§ EXERCISE PROMPT
From the line with "올라가는 슬랩코스는 장비없이" to the line with "ある日の晩、香川県三豊市の道の駅「たからだの里さいた」に車中泊。", retype each line exactly as it stands in the records below, but skip the pictures.

§ DATA FOR THIS TASK
== Segment start ==

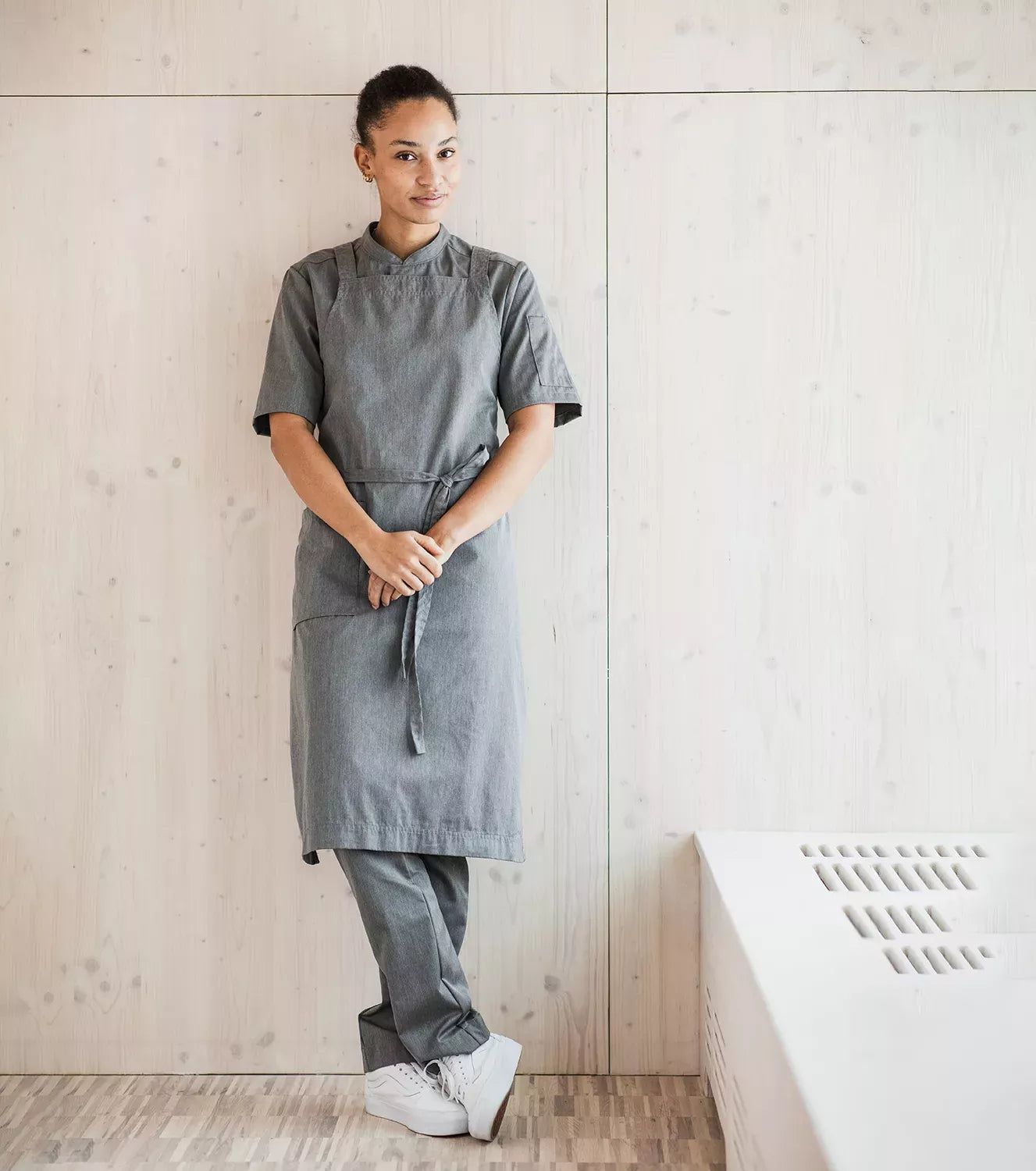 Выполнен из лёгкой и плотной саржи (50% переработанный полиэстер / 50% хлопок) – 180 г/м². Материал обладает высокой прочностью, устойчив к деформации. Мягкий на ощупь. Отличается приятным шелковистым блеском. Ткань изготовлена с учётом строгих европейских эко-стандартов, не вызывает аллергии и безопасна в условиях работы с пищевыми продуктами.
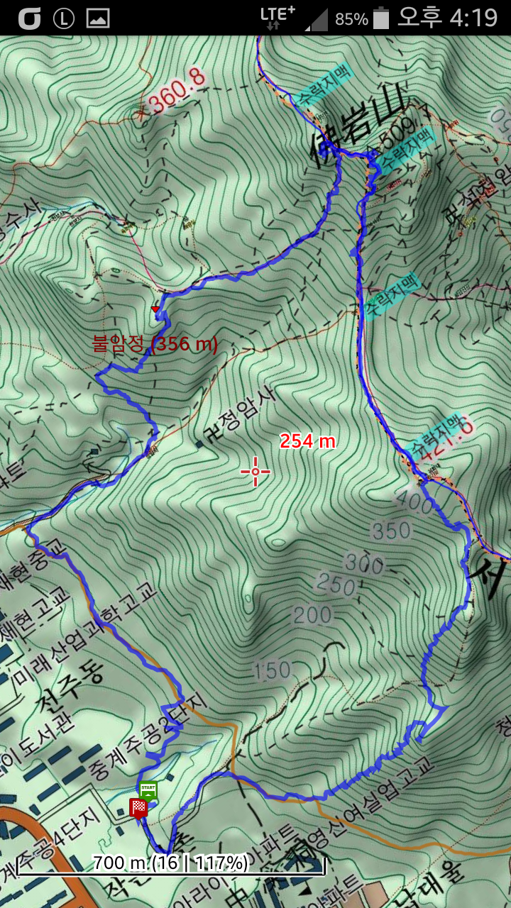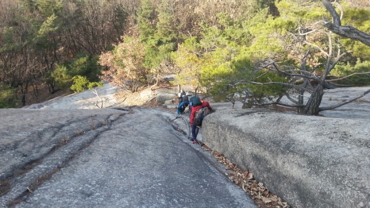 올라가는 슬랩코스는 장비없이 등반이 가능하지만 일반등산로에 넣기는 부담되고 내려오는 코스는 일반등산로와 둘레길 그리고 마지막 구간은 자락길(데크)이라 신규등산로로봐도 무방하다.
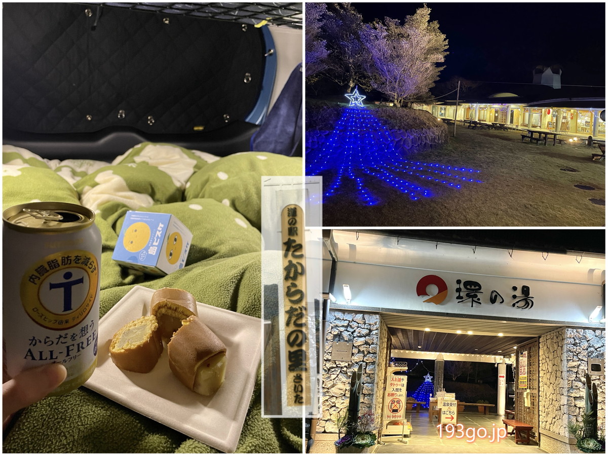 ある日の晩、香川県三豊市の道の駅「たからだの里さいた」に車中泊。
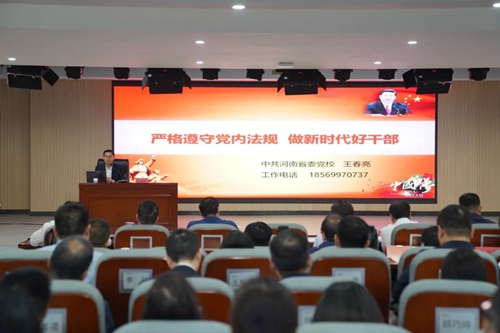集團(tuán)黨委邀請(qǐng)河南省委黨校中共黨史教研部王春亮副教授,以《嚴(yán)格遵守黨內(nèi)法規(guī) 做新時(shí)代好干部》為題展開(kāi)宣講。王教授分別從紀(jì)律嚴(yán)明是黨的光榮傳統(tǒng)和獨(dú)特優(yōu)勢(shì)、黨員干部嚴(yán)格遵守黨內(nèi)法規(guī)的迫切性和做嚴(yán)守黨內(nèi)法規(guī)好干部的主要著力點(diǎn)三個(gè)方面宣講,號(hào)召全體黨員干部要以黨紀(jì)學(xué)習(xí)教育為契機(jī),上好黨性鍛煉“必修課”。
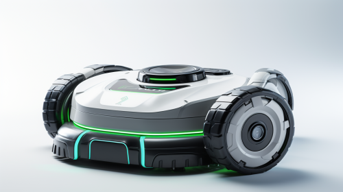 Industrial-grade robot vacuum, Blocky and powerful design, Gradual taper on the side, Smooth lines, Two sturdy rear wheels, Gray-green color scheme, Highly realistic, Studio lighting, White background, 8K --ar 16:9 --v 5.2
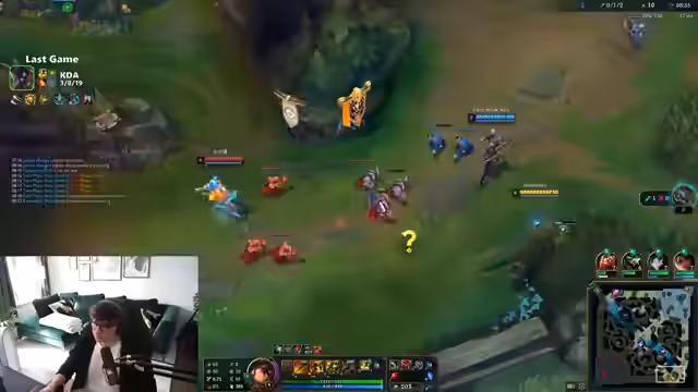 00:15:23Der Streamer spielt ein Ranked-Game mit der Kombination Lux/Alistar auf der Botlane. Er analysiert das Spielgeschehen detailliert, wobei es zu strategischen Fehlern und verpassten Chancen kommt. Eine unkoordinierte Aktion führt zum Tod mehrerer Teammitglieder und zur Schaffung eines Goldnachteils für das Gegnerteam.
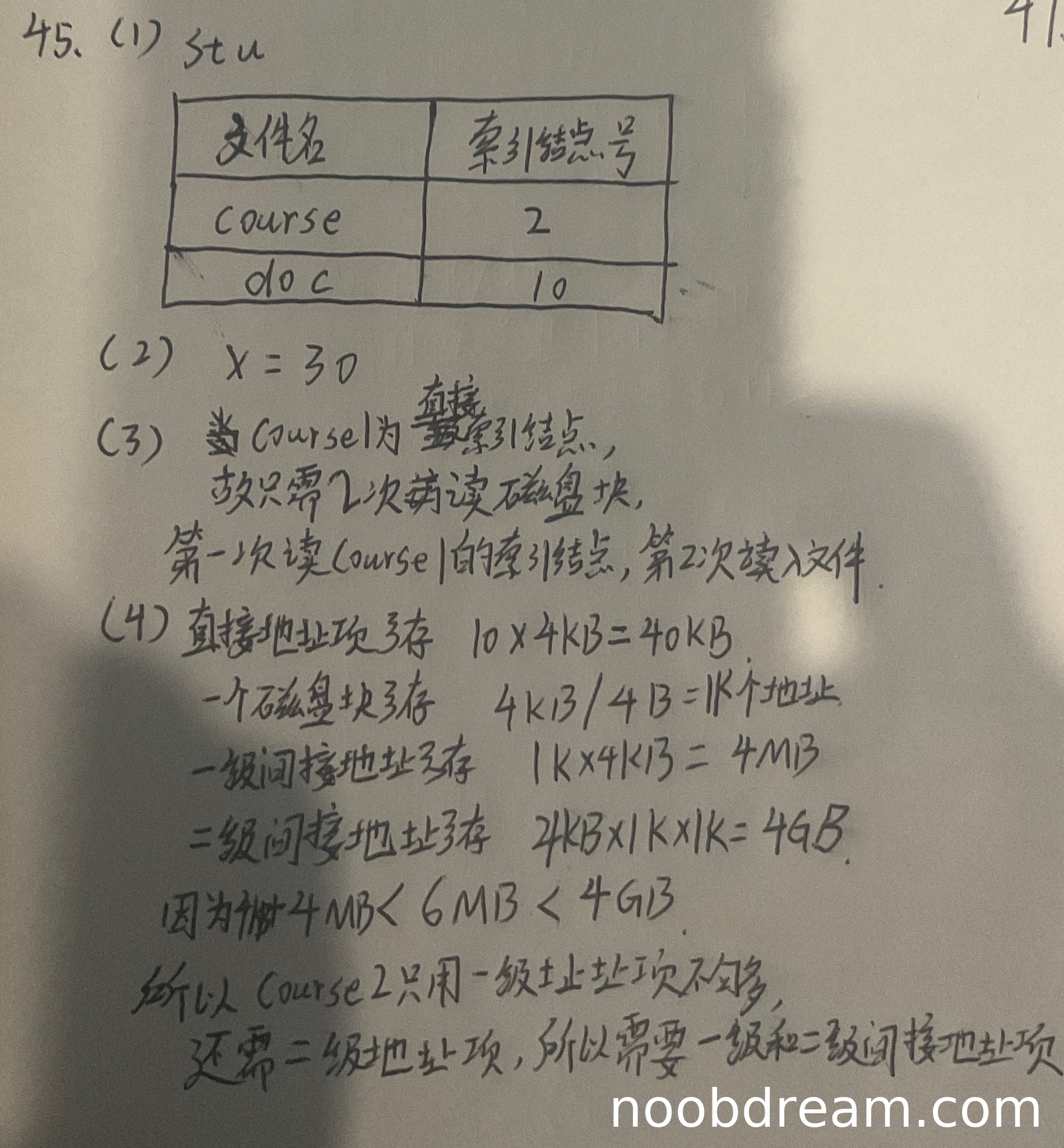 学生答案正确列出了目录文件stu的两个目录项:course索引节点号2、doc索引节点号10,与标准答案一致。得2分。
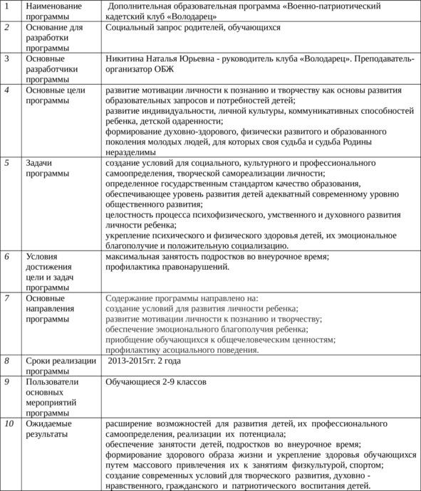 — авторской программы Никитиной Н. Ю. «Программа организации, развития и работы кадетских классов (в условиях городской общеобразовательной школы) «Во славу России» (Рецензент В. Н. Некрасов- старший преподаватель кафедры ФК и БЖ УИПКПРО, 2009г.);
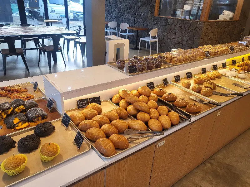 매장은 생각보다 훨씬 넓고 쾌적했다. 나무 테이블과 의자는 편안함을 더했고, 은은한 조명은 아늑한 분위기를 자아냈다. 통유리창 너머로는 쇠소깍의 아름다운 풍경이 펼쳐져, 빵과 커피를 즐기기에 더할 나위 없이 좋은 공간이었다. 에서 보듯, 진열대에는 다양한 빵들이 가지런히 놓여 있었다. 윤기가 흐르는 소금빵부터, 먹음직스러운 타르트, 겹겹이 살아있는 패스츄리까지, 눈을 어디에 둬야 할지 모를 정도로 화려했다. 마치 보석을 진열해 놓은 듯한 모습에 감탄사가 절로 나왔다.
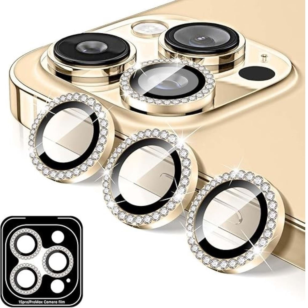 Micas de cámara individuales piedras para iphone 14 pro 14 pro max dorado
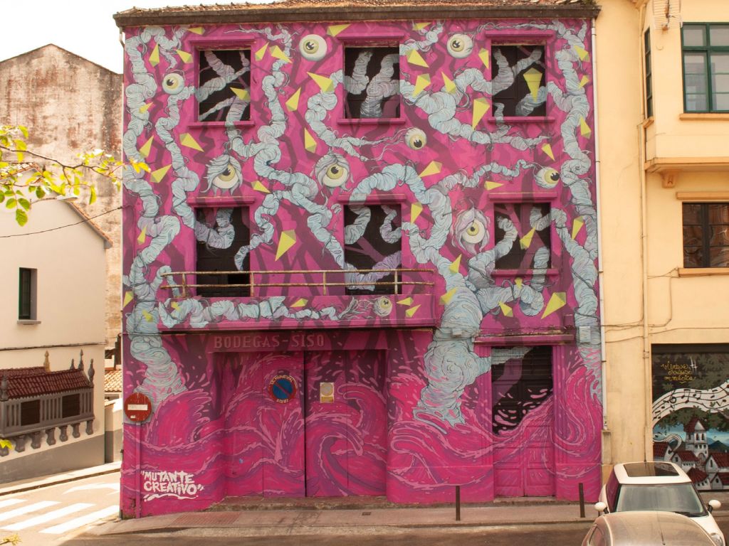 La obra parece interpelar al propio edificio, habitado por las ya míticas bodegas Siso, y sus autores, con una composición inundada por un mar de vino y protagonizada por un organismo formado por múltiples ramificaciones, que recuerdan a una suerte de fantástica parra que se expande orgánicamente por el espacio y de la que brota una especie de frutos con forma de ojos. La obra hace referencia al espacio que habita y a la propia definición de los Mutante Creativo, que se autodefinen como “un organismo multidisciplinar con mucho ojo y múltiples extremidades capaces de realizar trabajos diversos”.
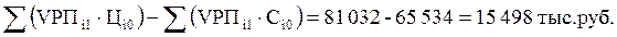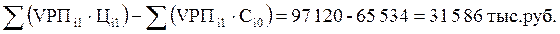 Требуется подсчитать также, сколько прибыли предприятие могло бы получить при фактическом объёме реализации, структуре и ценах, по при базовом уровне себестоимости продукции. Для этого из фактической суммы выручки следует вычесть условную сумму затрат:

== Segment end ==

§ SOLUTION FOR THIS EXERCISE
 올라가는 슬랩코스는 장비없이 등반이 가능하지만 일반등산로에 넣기는 부담되고 내려오는 코스는 일반등산로와 둘레길 그리고 마지막 구간은 자락길(데크)이라 신규등산로로봐도 무방하다.
 ある日の晩、香川県三豊市の道の駅「たからだの里さいた」に車中泊。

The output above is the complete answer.